CRPF personnel being vaccinated against Covid-19, at Hindu Rao Hospital in New Delhi. (Sanchit Khanna/HT Photo)
CRPF personnel being vaccinated against Covid-19, at Hindu Rao Hospital in New Delhi. (Sanchit Khanna/HT Photo)

Paid shots from March 1 as India expands Covid-19 vaccine drive

The decision marks a significant opening up of the vaccination drive, with the roll-out for the general public being moved up from the previously estimated window of mid-March, and comes at a time when the country is on the brink of a second wave of infections.
UPDATED ON FEB 25, 2021 06:20 AM IST

Anyone above the age of 60 or above 45 and with existing illnesses that make them more vulnerable to Covid-19 will be allowed to sign up to receive coronavirus vaccines at government as well as private hospitals from March 1, the Union Cabinet decided on Wednesday.

The decision marks a significant opening up of the vaccination drive, with the roll-out for the general public being moved up from the previously estimated window of mid-March, and comes at a time when the country is on the brink of a second wave of infections.

“The second phase of the world’s largest vaccination drive will start from Monday in which anybody above 60 years and 45 years plus with co-morbidities will be given vaccines in 10,000 government medical facilities and also over 20,000 private hospitals,” said information and broadcasting minister Prakash Javadekar at the briefing on Cabinet decisions.

The doses at the government centres will be free. Private hospitals will be allowed to charge for them, but the rate will be fixed and announced by the government at a later date. This is the first time the private sector will be actively involved in administering vaccines, and doses will be available to eligible people who are willing to pay.

While most of the details of the protocols are yet to be finalised, an official said that the sign-ups will initially be allowed through the Aarogya Setu mobile application, which was launched last year as a digital contact tracing tool.

“To begin with, the population that is eligible to take the vaccine will be asked to download the Aarogya Setu app. There will be an option under the Co-WIN section where they can register and book an appointment for vaccination,” said a senior government official, privy to the matter, asking not to be named.


Once registered, people may also be able to walk in to get their doses, as is the case at present for those eligible at the moment, this person added.

For those with comorbid conditions, the government is expected to release a list of qualifying diseases in the coming days.

“Gradually, there may also be helplines, interactive voice response (IVR) system option for those with basic phones, and also a web portal for registration -- but the start will happen through the Aarogya Setu app,” the official said.

At vaccination sites, those seeking a dose will need to prove their identity by showing a government-issued identity card.

India launched the coronavirus vaccination campaign on January 16, and in the period since, a little over 11 million people have received at least one dose.
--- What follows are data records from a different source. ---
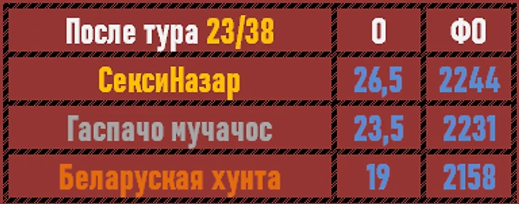 Убедительная победа СексиНазара - просто без вариантов. Руслан в очередной раз показал сверхубедительную игру! ГМ и БХ зарубились не на шутку, в итоге победу на волоске одержали Гаспачо мучачос.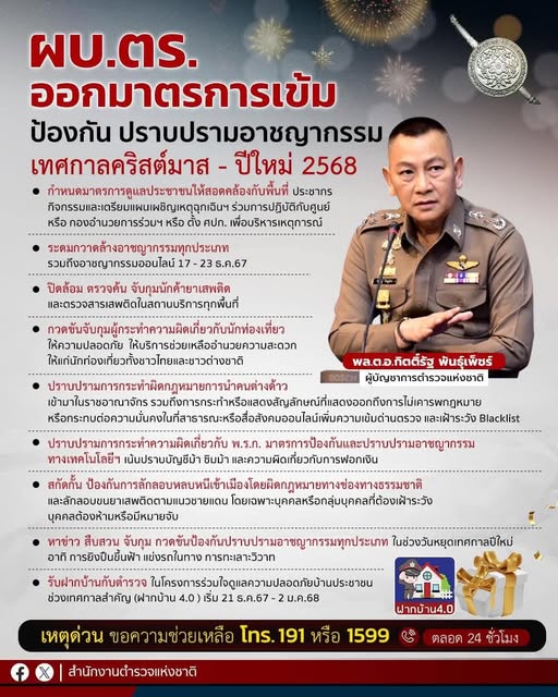 24 ธ.ค. 2567 10:49:33👮♂️ "พิทักษ์ 1" ออกมาตรการเข้มดูแลชีวิตและทรัพย์สินของพี่น้องประชาชน ช่วงเทศกาลปีใหม่ 🚨 . พล.ต.อ.กิตติ์รัฐ พันธุ์เพ็ชร์ ผู้บัญชาการตำรวจแห่งชาติ สั่งการตำรวจทั่วประเทศ กำชับป้องกัน ปราบปรามอาชญากรรม เทศกาลคริสต์มาส - ปีใหม่ 2568 🎉 . 📍กำหนดมาตรการดูแลประชาชนให้สอดคล้องกับพื้นที่ ประชากร กิจกรรม และเ...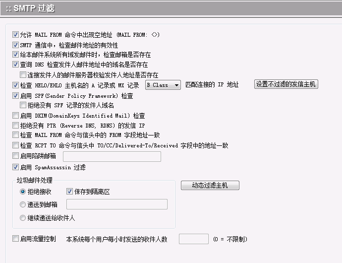 | 启用 SpamAssassin 过滤 | 启用知名的垃圾邮件过滤软件 SpamAssassin 来对可疑邮件进行检查过滤。 SpamAssassin 过滤是采用判断邮件是否符合某种特征并加以评分的方法来对邮件进行分类。 有关 SpamAssassin 介绍参考 https://spamassassin.apache.org/ |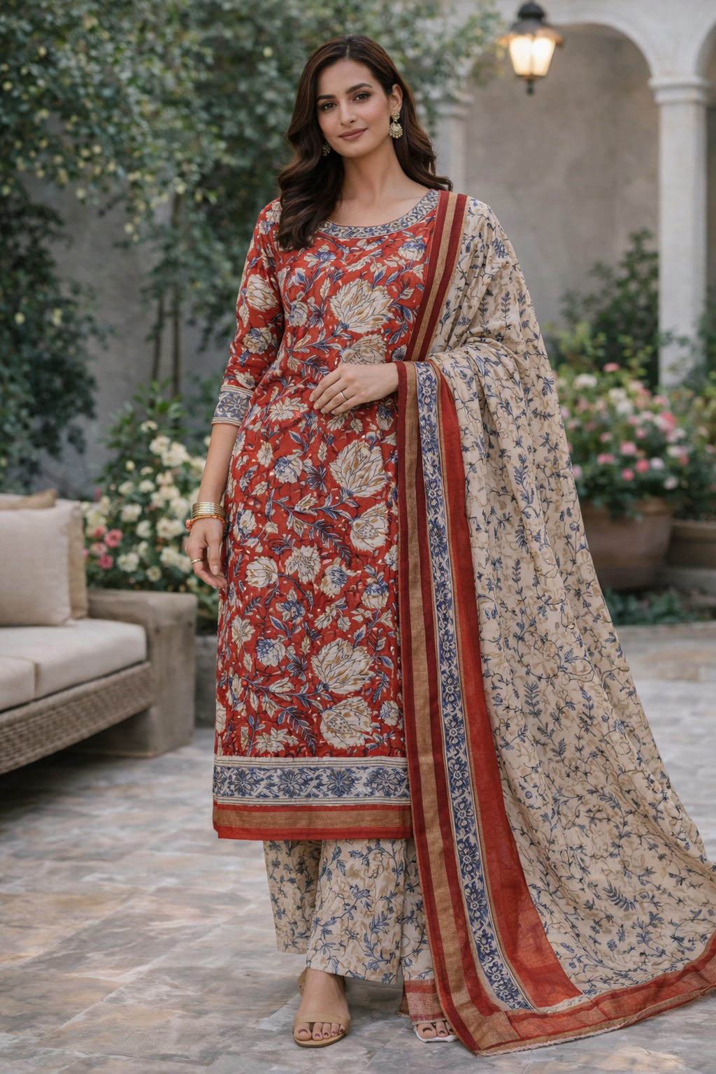Make an unforgettable statement with our classic Red and White Chanderi Suit Set. Chanderi fabric is highly prized for its luxurious feel, lightweight texture, and subtle, sophisticated sheen. The iconic pairing of vibrant Red—a color of passion and celebration—with crisp, pristine White creates a visually stunning and instantly elegant contrast. This ensemble perfectly blends traditional Indian artistry with bold, contemporary style, making it an ideal choice for festive events, special occasions, and celebrations where you want to radiate confidence.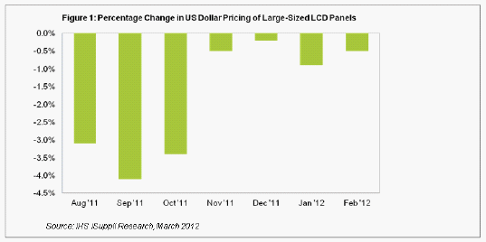 2月份大尺寸液晶面板的總體價(jià)格僅下降0.5%,跌幅小于1月份的0.9%,如圖1所示。過去四個(gè)月的價(jià)格平均跌幅是0.5%,顯示市場趨于穩(wěn)定。從2011年8月到10月,大尺寸面板價(jià)格每月下跌達(dá)3-4%。大尺寸面板是指尺寸為10.x英寸或更大的面板。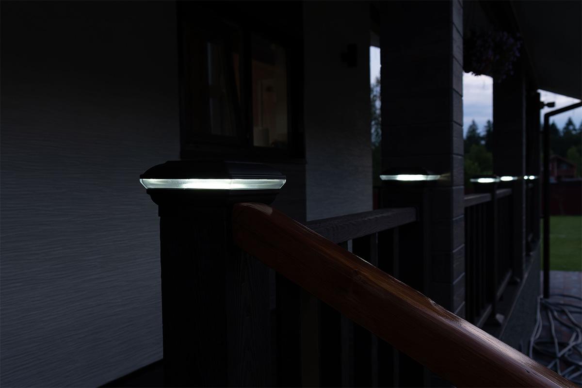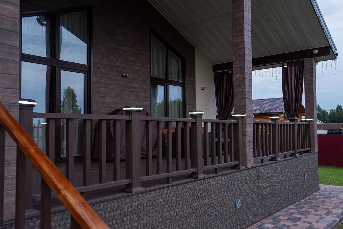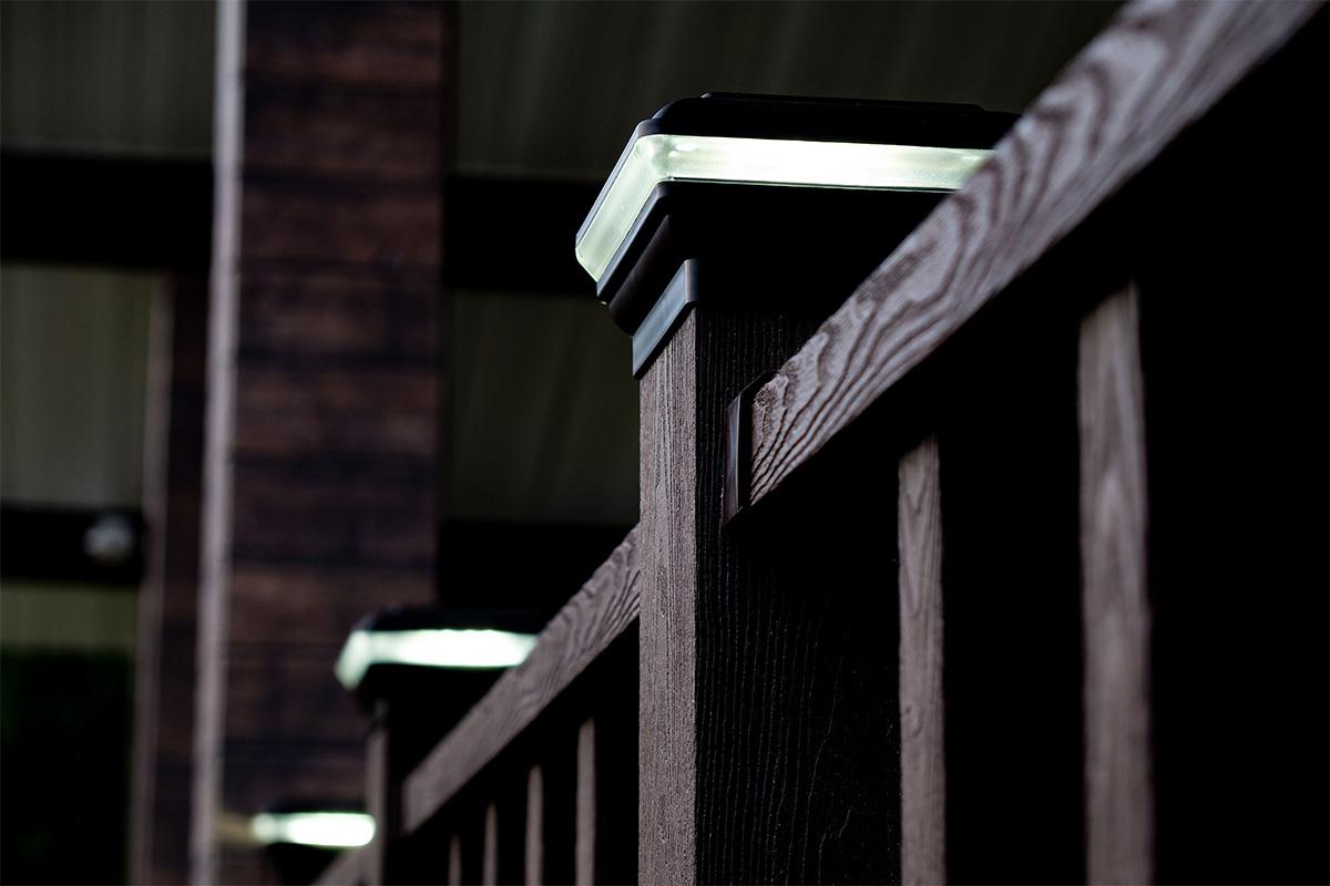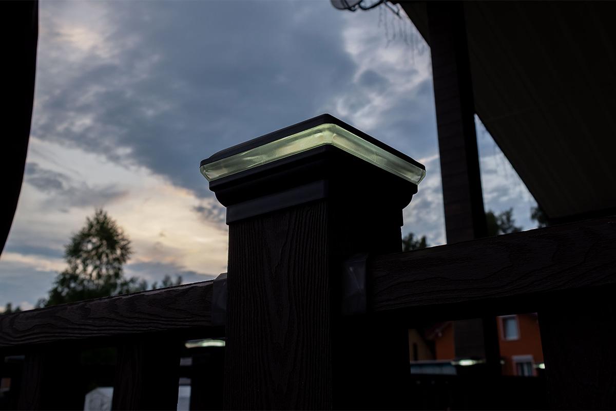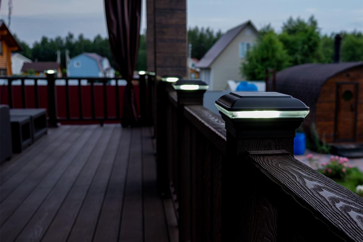 Это решение «два в одном» для вашего загородного дома, которое позволяет создать аккуратный законченный вид ограждения и равномерно провести освещение по всей территории террасы.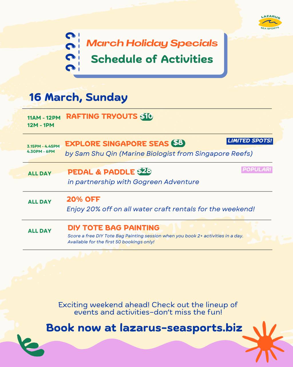 โ This is your final chance to book our exciting March Holidayย Special activities happening this weekend at Lazarus Island! ๐ด
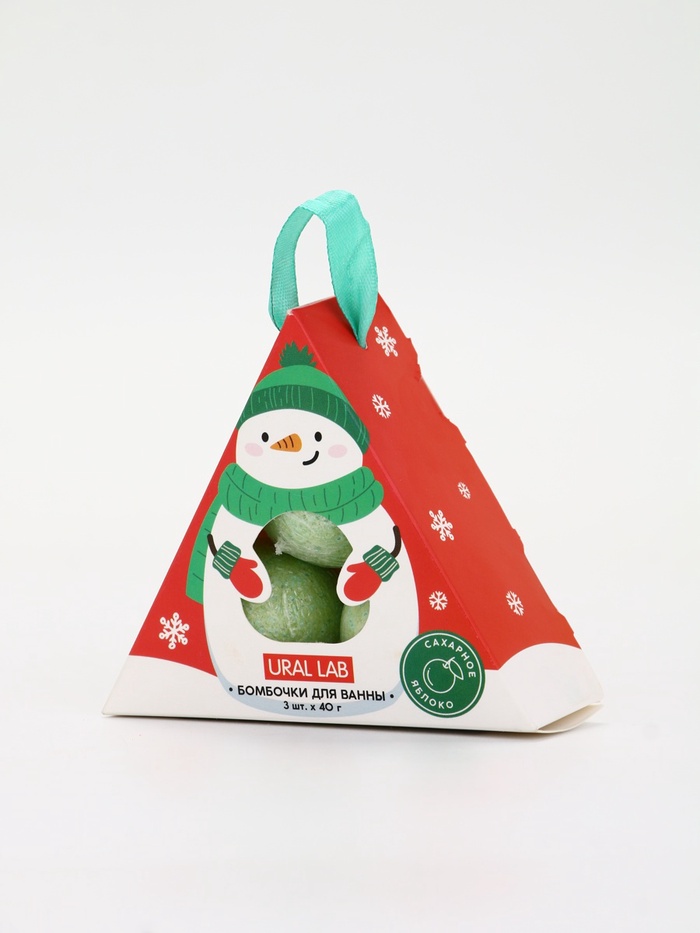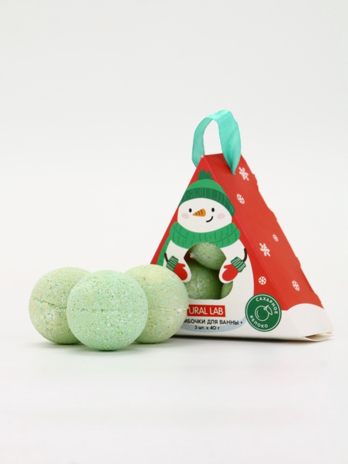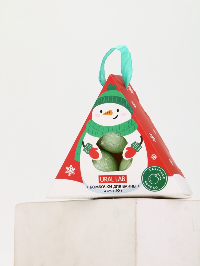 Бомбочки для ванны «Снеговик», 3 шт. × 40 г, сахарное яблоко, URAL LAB 8 фото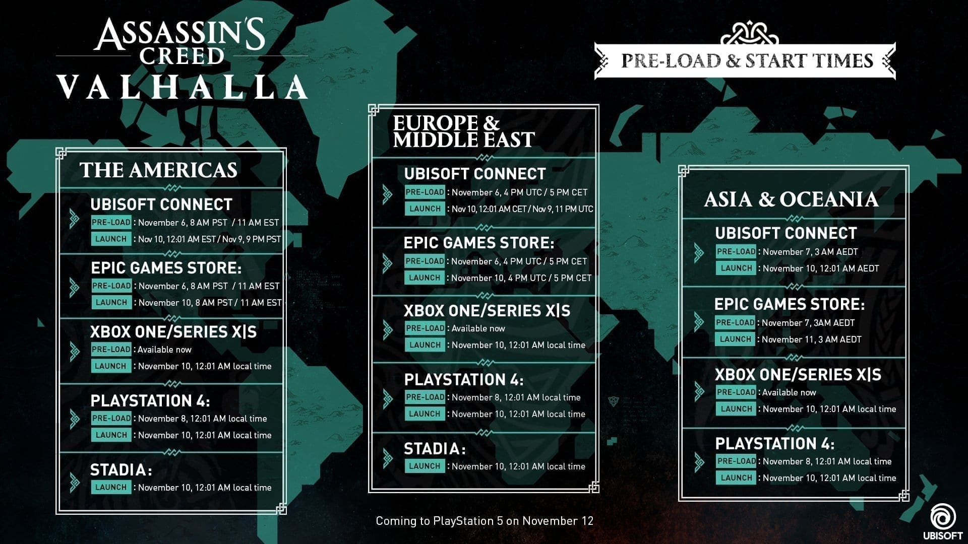 Nur noch vier Tage bis Assassin’s Creed Valhalla, der neueste Eintrag in Ubisofts 2007 gestartete Action-Adventure-Serie, am 10. November erscheint. Zur Vorbereitung auf den baldigen Release hat Ubisoft nun einen Plan mit den Pre-Load- und Launch-Terminen für die unterschiedlichsten Plattformen veröffentlicht.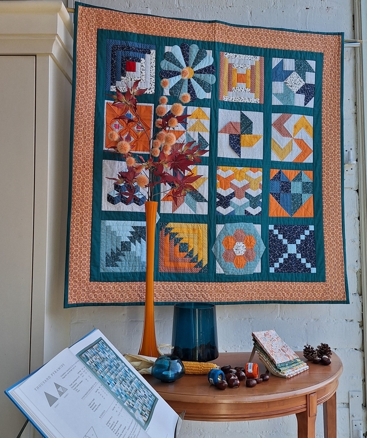 Je begint met een sampler-quilt van blokken in verschillende traditionele technieken. Een voorbeeld hoe het er uit kan komen te zien zie je hieronder.
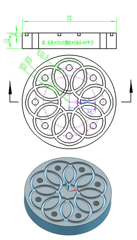 十四、圆环阵列零件 | 主程序 | 子程序 | | ------------------------------------------------------------ | ------------------------------------------------------------ | | <br/>铣槽<br/>O0001<br/>(DATA:2025-10-24, PROGRAMMER:TYJS09)<br/>G17 G54 G90 G21 G94 G40 G49 G80<br/>M06 T01<br/>G0 X7.5 Y0 M03 S2000<br/>Z50<br/>M98 P0051<br/><br/>G68 X0 Y0 R45<br/>M98 P0051<br/>G69<br/><br/>G68 X0 Y0 R90<br/>M98 P0051<br/>G69<br/><br/>G68 X0 Y0 R135<br/>M98 P0051<br/>G69<br/><br/>G68 X0 Y0 R180<br/>M98 P0051<br/>G69<br/><br/>G68 X0 Y0 R225<br/>M98 P0051<br/>G69<br/><br/>G68 X0 Y0 R270<br/>M98 P0051<br/>G69<br/><br/>G68 X0 Y0 R315<br/>M98 P0051<br/>G69<br/><br/>G0 Z100<br/>钻孔<br/>M06 T02<br/>G0 X26 Y0 M03 S2000<br/>Z50<br/>M98 P0052<br/><br/>G68 X0 Y0 R45<br/>M98 P0052<br/>G69<br/>G68 X0 Y0 R90<br/>M98 P0052<br/>G69<br/>G68 X0 Y0 R135<br/>M98 P0052<br/>G69<br/>G68 X0 Y0 R180<br/>M98 P0052<br/>G69<br/>G68 X0 Y0 R225<br/>M98 P0052<br/>G69<br/>G68 X0 Y0 R270<br/>M98 P0052<br/>G69<br/>G68 X0 Y0 R315<br/>M98 P0052<br/>G69<br/><br/>G91 G28 Z0<br/>G90 G28 X0 Y0<br/>M05<br/>M30 | < <br/>子程序1<br/>O0051<br/>G0 Z5<br/>G01 Z-2 F30<br/>G02 I-12.5 F80<br/>G01 Z5<br/>M99<br/>子程序2<br/><br/>O0052<br/>G0 Z5<br/>G01 Z-14 F30<br/>Z5 F500<br/>M99<br/><br/><br/><br/><br/><br/><br/><br/><br/><br/><br/><br/><br/><br/><br/><br/><br/><br/><br/><br/><br/><br/><br/><br/><br/><br/><br/> |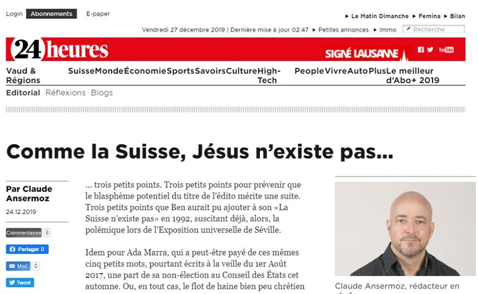 Pendant que Le Figaro rend hommage aux chrétiens persécutés durant la période des fêtes, Claude Ansermoz, rédacteur en chef du 24 Heures, n'a rien trouvé de mieux que d'humilier les chrétiens tout en faisant l'apologie de la socialiste Ada Marra. Et cela, le jour même de Noël.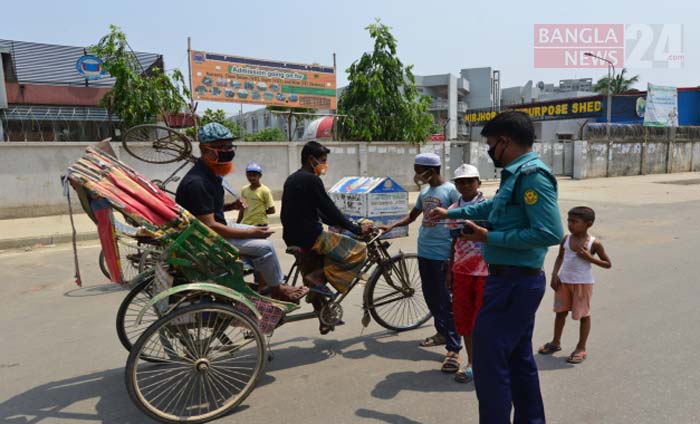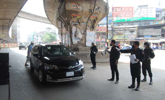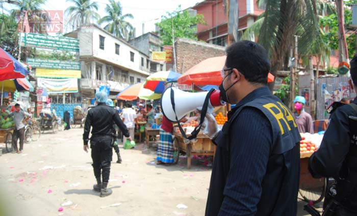 হ্যান্ড মাইক্রেফোন নিয়ে পথচারীদের সচেতন করছেন র্যাব সদস্যরা। ছবি: ডিএইচ বাদল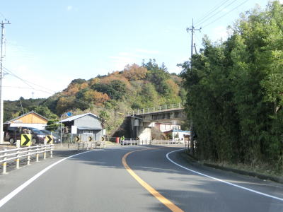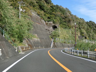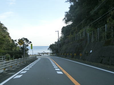 | アップダウンを繰り返す海沿いの2車線道路を快走していると高知r55交差点を通過する。上川口集落を通り抜けるとやや急な勾配を上って峠のような場所を越える。内陸を通っているような風景だが、引き続き海岸に近い場所を通っている。 | ||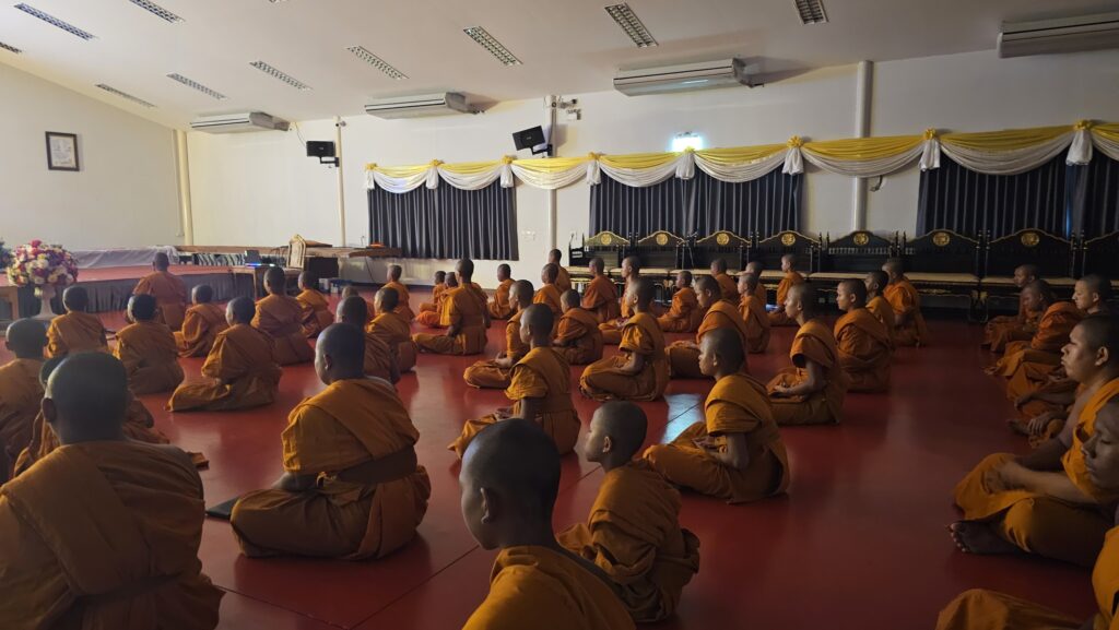 พระธรรมวชิราจารย์ มอบหมายให้พระพี่เลี้ยง อาจารย์ และคณะศากยบุตรสามเณรสีหะ มหาวชิราลงกรณบาลีเถรวาทราชวิทยาลัย สวดสาธยายมหากัจจายนสูตร ทำวัตรสวดมนต์ สวดสาธยายบทพระกัมมัฏฐาน ธรรมนาวา “วัง” ณ อุปัฏฐานศาลา พระราชวชิรเวที (บรรจบ ขนฺติโก) อุทยานลานธรรมพระกัมมัฏฐาน

Experts believe now is the time to rapidly ramp up the campaign, since India’s cases have begun to inch up and several states are showing a resurgence.

“So far we have immunised only 1% of our population, while Israel has immunised 85%, and the US 23%. At the current pace, we will not be able to achieve the target even by the end of the year. We have to speed up the vaccination drive at least six to ten times,” said Dr SK Sarin, director of the Institute of Liver and Biliary Sciences, who headed the Delhi government’s first committee on controlling and managing Covid-19 infections.

At least one of the ways in which it can be done is by opening up the campaign to anyone willing to take shots, particularly since the turnout till now has been a little over 50% of the targeted vaccination per day.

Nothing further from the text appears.